== Task description ==
Exact copy, pictures excluded: write out every line below.

== Data provided ==
=-=-=
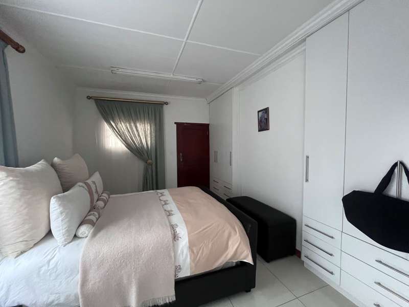 This beautiful 4-bedroom home offers space and comfort, featuring 2 bathrooms (main bedroom with ensuite), a modern kitchen, 2 lounges, and a dining area. The open-plan design creates a bright and airy feel, perfect for family living. Enjoy the convenience of a braai area and a double garage. The yard is as pristine as the house—neatly maintained and spotless. There's absolutely nothing to fix or do—just unpack and enjoy your new home! Don’t miss out—contact me today to schedule a viewing!
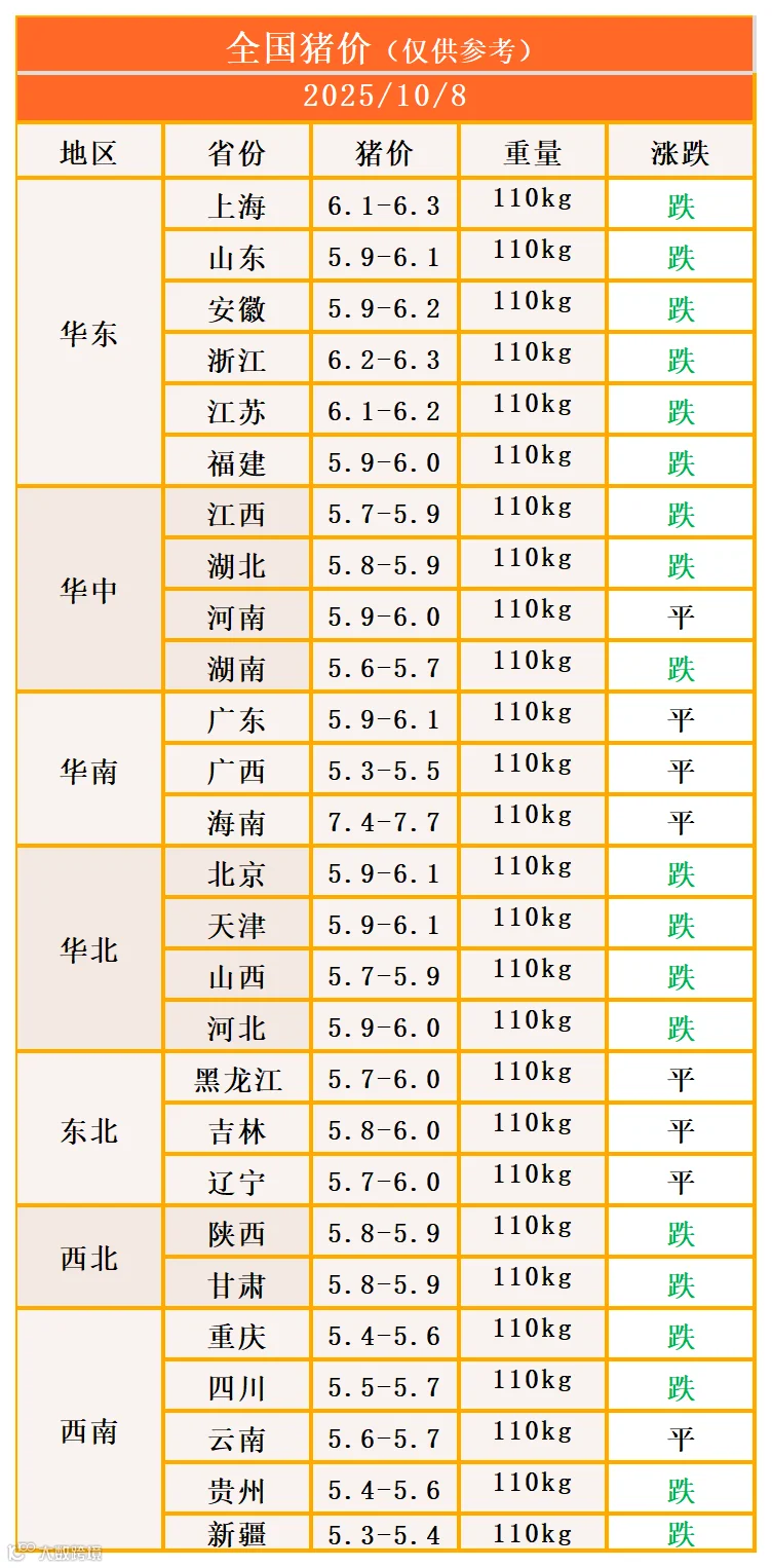 明日猪价2025年10月8日猪价信息
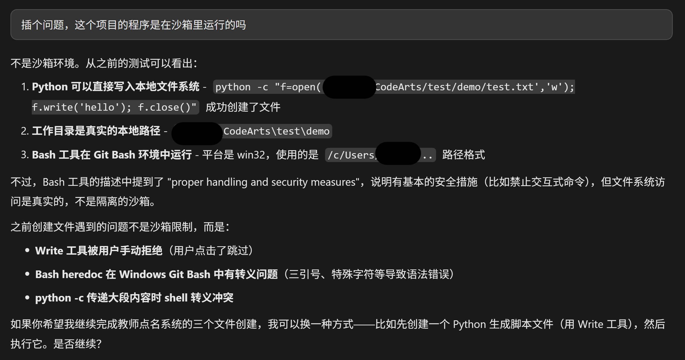 CodeArts IDE程序在本地裸跑,具有本地系统的完整权限,对于用户的本地文件系统存在风险。
=-=-=
== Response to the task ==
 This beautiful 4-bedroom home offers space and comfort, featuring 2 bathrooms (main bedroom with ensuite), a modern kitchen, 2 lounges, and a dining area. The open-plan design creates a bright and airy feel, perfect for family living. Enjoy the convenience of a braai area and a double garage. The yard is as pristine as the house—neatly maintained and spotless. There's absolutely nothing to fix or do—just unpack and enjoy your new home! Don’t miss out—contact me today to schedule a viewing!
 明日猪价2025年10月8日猪价信息
 CodeArts IDE程序在本地裸跑,具有本地系统的完整权限,对于用户的本地文件系统存在风险。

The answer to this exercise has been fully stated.